Exercise prompt :: Copy nothing but the lines below running from the line containing "Morar no Monte" through the line containing "サントリー 酸化防止剤無添加のおいしいワイン。糖質30%オフ 白", both end lines included.

Data in this exercise ::
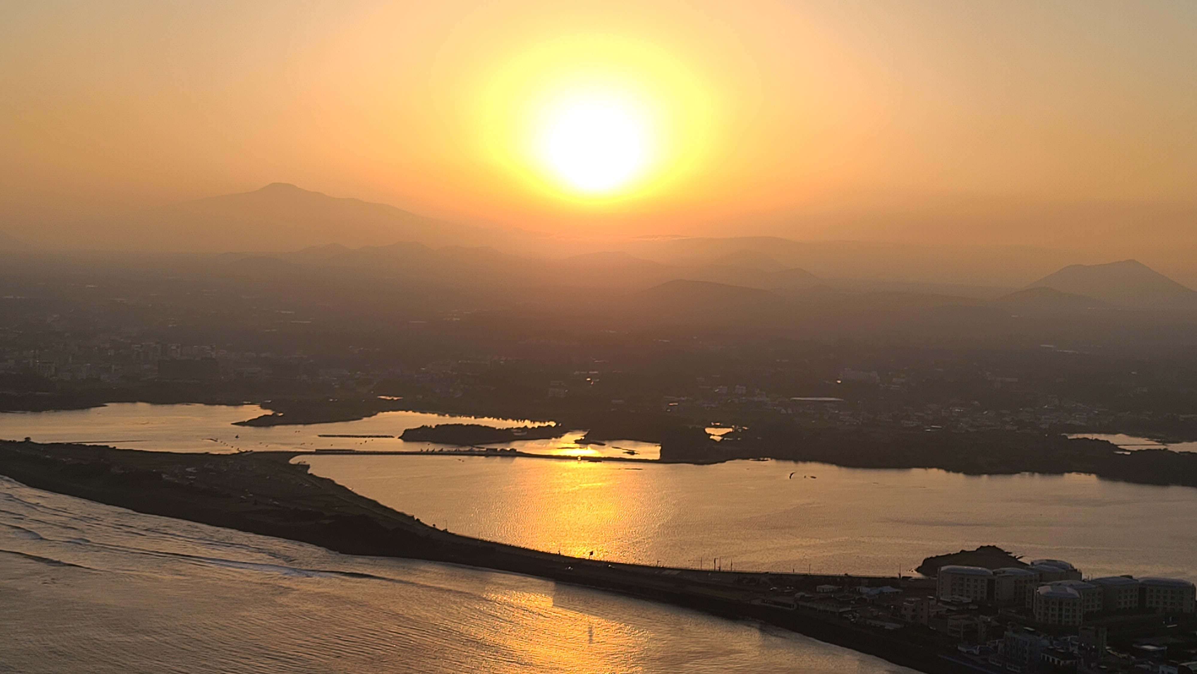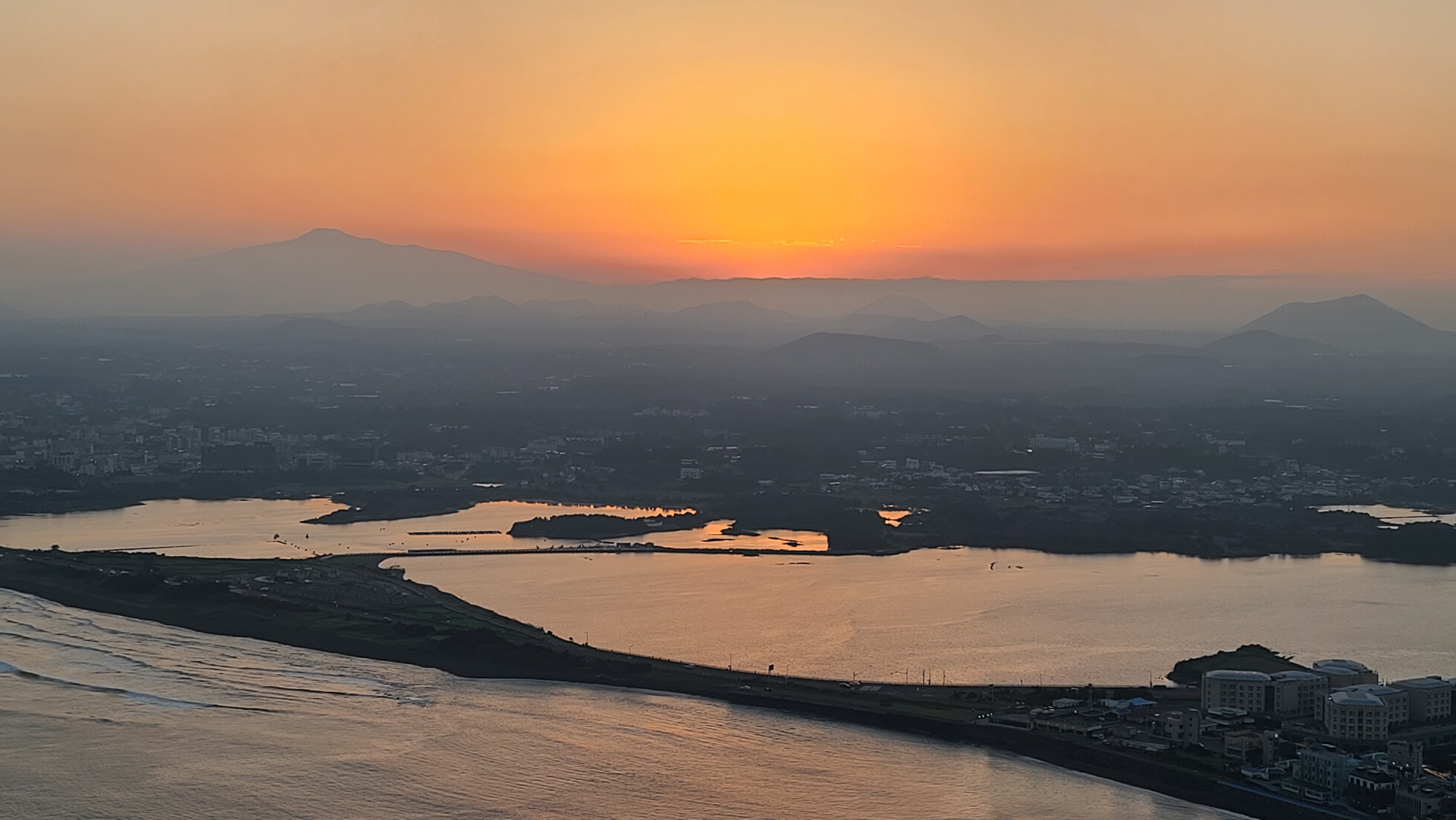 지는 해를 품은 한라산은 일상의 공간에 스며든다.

---

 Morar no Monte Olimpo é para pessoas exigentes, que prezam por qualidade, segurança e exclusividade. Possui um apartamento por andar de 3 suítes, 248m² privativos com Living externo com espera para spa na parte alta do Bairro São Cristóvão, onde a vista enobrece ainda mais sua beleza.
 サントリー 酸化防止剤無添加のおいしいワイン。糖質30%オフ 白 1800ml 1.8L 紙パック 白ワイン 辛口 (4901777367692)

==

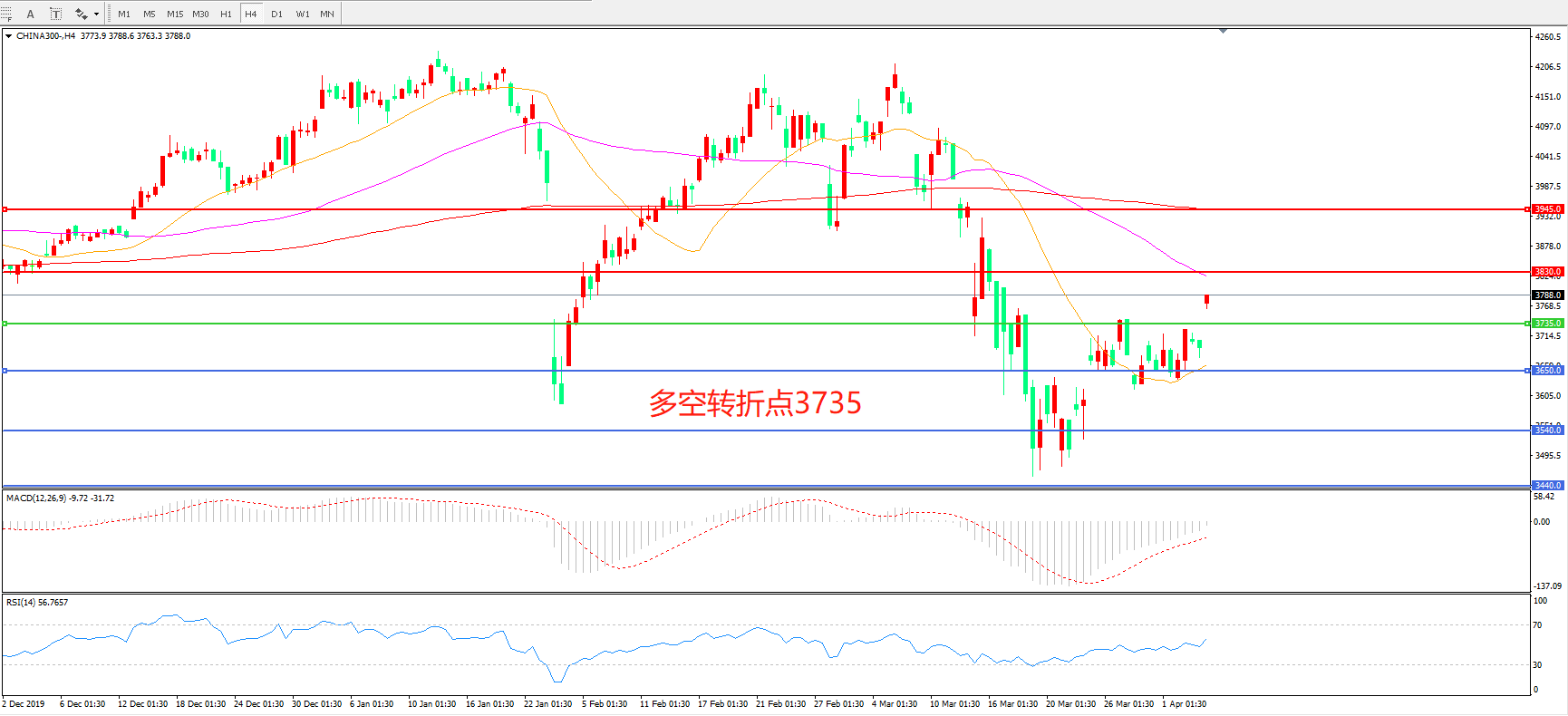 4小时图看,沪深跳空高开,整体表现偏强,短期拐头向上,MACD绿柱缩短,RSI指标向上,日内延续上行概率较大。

Exercise result ::
 Morar no Monte Olimpo é para pessoas exigentes, que prezam por qualidade, segurança e exclusividade. Possui um apartamento por andar de 3 suítes, 248m² privativos com Living externo com espera para spa na parte alta do Bairro São Cristóvão, onde a vista enobrece ainda mais sua beleza.
 サントリー 酸化防止剤無添加のおいしいワイン。糖質30%オフ 白 1800ml 1.8L 紙パック 白ワイン 辛口 (4901777367692)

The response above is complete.